Primers for Testis-specific (FPKM of PreO = 0 and FDR ≦ 0.001) and PerO-specific (FPKM of Testis = 0 and FDR ≦ 0.001) unigenes were first amplified by semi-quantitative PCR using equivalent cDNAs from testis and ovary of pre-eyestalk ablation shrimp as templates. PCR products were analyzed with gel electrophoresis using 1.2 % agarose gel. When a gene was found to be expressed only in testis, the gene was considered to be a testis-specific gene, while a gene that was expressed only in PreO was considered to be an ovary-specific gene. For the genes that were expressed in both ovary and testis, quantitative real-time PCR was further conducted to verify whether they were differentially expressed in ovaries and testes. The primers for other DEGs were also verified by quantitative real-time PCR.
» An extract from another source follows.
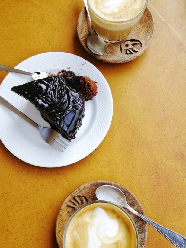 Un godurioso profumo di cannella e cioccolato serpeggia nell’aria ed una vetrina di torte e muffin sembra un’implicito ammonimento dantesco: lasciate ogni speranza voi ch’entrate.

The quantitative real-time PCR was performed in the Applied Biosystems 7500 fast real-time system using THUNDERBIRD qPCR Mix (TOYOBO, Japan) as recommended by the manufacturer. The original cDNAs were diluted 100-fold for the target gene and β-actin amplification, and the PCR cycle for both the target genes and the β-actin was as follows: 3 min at 94 °C; then 36 cycles of 15 s at 94 °C, 30 s at 56 °C and 30 s at 72 °C; followed by 10 min at 72 °C. The PCRs used to detect all the target genes and β-actin reference gene were performed with three biologic replicates. The specificity of the amplification was assessed by a melting curve analysis to exclude primers with nonspecific amplification peaks. The relative expression level of target genes was calculated with the 2−ΔΔCT method [49]. The Student’s t-test was conducted using SPSS 23.0 (http://www-01.ibm.com/software/analytics/spss/), and significant differences were determined at a P-value < 0.05 (two-tailed test).

Results

Sequence analysis and assembly

A total of 25.16 gigabases (Gb) of sequences were generated from four L. vannamei gonadal tissue libraries (The raw reads data can be obtained from the NCBI Short Read Archive [SRA] under accession number SRA SRP059164.) After quality control with filter_fq, 63,782,344, 60,300,542, 58,195,380, and 61,048,948 clean reads were retrieved from the testis, PreO, Day1O and Day6O library, respectively. De-novo assembly of all the clean reads from four libraries generated a total of 65,218 unigenes with a mean size of 1021 bp and N50 of 2,000 bp (Table 1) (The assembled transcriptome can be obtained from the NCBI Transcriptome Shotgun Assembly (TSA) Database under accession number GDUV00000000). The length distribution of the unigenes obtained is illustrated in Fig. 1. The completeness of the transcriptome assembly was tested by CEGMA software by comparing known 248 Core Eukaryotic Genes (CEGs) and the transcripts assembled by Trinity. As a result, 234 out of 248 (94.35 %) CEGs were deemed to be complete proteins in the transcriptome, and 245 out of 248 (98.79 %) CEGs were found in the transcriptome including some partial proteins (Table 2), indicates a high level of completeness of the transcriptome.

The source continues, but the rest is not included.